After kickstart, I can boot the system from either disk.

If a disk fails, and I replace the disk, I re-copy the partition table from the remaining good disk:

eg. sfdisk -d /dev/sda | sfdisk --force /dev/sdv

I then need to re-install grub on the new disk so that it's bootable.  If I follow the common procedure of:

grub> root (hd0,0)
grub> setup (hd1)

... the grub boot loader is installed to the right disk.  However, when I try to boot using that disk, the system hangs.  There are no error messages.

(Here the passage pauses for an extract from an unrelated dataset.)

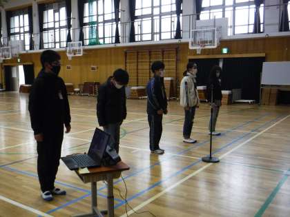 今日は見守り隊感謝式がありました。1年間,雨の日も雪の日も,どんな時でも見守ってくださる地域の見守り隊の方に,6年生は学校を代表して数人がお礼の言葉を伝えました。他の人たちもクラスでその姿を見守りました。

The difference in grub bootloader installation between Anaconda version, and my secondary method (root/setup) is that Anaconda points stage1 directly at stage2 in /boot.  However, "setup (hd1)" embeds stage1.5 loader.  Not being an expert in grub, it's not obvious why "setup" can't simply choose to install grub without embedding stage1.5 since stage1.5 is not needed (/boot is in proper location for it to be accessed directly).

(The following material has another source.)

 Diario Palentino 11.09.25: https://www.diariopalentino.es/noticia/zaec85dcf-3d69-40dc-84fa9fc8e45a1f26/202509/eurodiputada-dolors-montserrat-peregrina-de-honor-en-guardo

If I dd the original MBR that was installed my Anaconda to the replacement disk, then the system boots fine.

NOTE: This server will be going into production within the next few weeks, after which I won't be able to test changes.  I know this is unlikely to be dealt with before then.  However, I'm reporting the bug now in the hopes that the problem will either be resolved in a future RHEL6 update, or it will help someone else to avoid the testing I've been through.  I'm quite positive it's a grub bug.

Steps to Reproduce:
1. kickstart system - I can boot from either disk
2. manually fail MD RAID1
3. install replacement disk
4. copy partition table from existing disk
5. allow MD to rebuild
6. re-install grub using "root/setup" procedure.
7. attempt to boot from the disk - the system locks up

Additional info:
I suspect this is related: http://bugs.centos.org/print_bug_page.php?bug_id=1940

I'm not sure if this is related: https://www.illumos.org/issues/4659

Attached is a copy of the first 64 bytes of the disk after root/setup procedure, and stage1.5 installed. (dd if=/dev/sdX of=/tmp/sdX count=64)

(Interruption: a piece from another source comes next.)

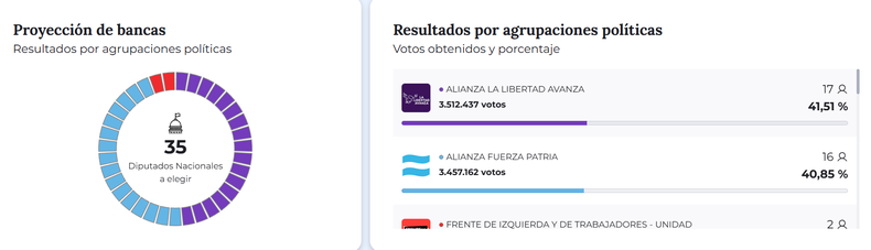 En términos de representación parlamentaria, la elección garantiza a La Libertad Avanza 17 bancas de diputados nacionales por la provincia de Buenos Aires, mientras que Fuerza Patria asegura 16 escaños y el Frente de Izquierda obtiene 2, lo que refleja la creciente fragmentación y competitividad del electorado bonaerense. Esta nueva distribución legislativa tendrá implicancias directas en la conformación del Congreso, reforzando la presencia del oficialismo libertario y abriendo la puerta a posibles cambios en la agenda política y las negociaciones parlamentarias a nivel nacional.

Comment 4 Jan Grulich 2015-04-02 10:59:59 UTC
I backported the fix from https://www.illumos.org/issues/4659, could you test whether it solves your problem? Here [1] is a scratch build with the mentioned fix.

[1] - https://brewweb.devel.redhat.com/taskinfo?taskID=8938616

Comment 5 Jan Grulich 2015-04-07 12:40:02 UTC
I haven't realized that you might not have access there, so you can find the build also here [1].

[1] - https://jgrulich.fedorapeople.org/grub/

Comment 6 jas 2015-05-11 19:06:46 UTC
Hi Jan.

I'm trying to find time to test this.  I finally had a few minutes, but unfortunately, the permission on the files is not correct so I get "forbidden" when trying to download.  

Jason.

Comment 7 Jan Grulich 2015-05-12 07:16:52 UTC
It should be fixed now.

Comment 8 jas 2015-05-25 20:34:44 UTC
Hi Jan,

I spent a full work day debugging this issue.  First, before trying the patched grub, I wanted to verify that I could replicate the issue without the original hardware.  I kickstarted a virtual system with VirtualBox, and shared md for /boot and /.   I tested various failover strategies, and each time I replaced the disk, and re-installed grub, I was able to boot successfully.  However, this wasn't using the LSI 9207-8i card that was installed in the original server, and since the Illumos bug report had also made reference to the problem occuring with disks connected to an LSI HBA, I got some physical server hardware close enough to the model where I had originally discovered the problem, and I installed an LSI 9207-8i there. I once again thoroughly tested failover once again.  Fortunately, I was not able to make the problem occur.  This means that somewhere along the line, the problem has been corrected.    Sorry for my delay in testing.

Comment 9 David Kaspar // Dee'Kej 2016-05-12 15:56:33 UTC
Hello,

I just got to this BZ to investigate it more. But before I actually do it, could you please tell me if this bug is still problem for you?

Thank you!

David

Comment 10 jas 2016-05-12 16:24:40 UTC
Hi.
As per comment 8, I was not able to replicated it.  Therefore, the problem has already been resolved.

Thanks!

Comment 12 David Kaspar // Dee'Kej 2016-10-13 10:34:11 UTC
As per comment 10, the reporter is no longer facing this issue, and we're not able to reproduce it.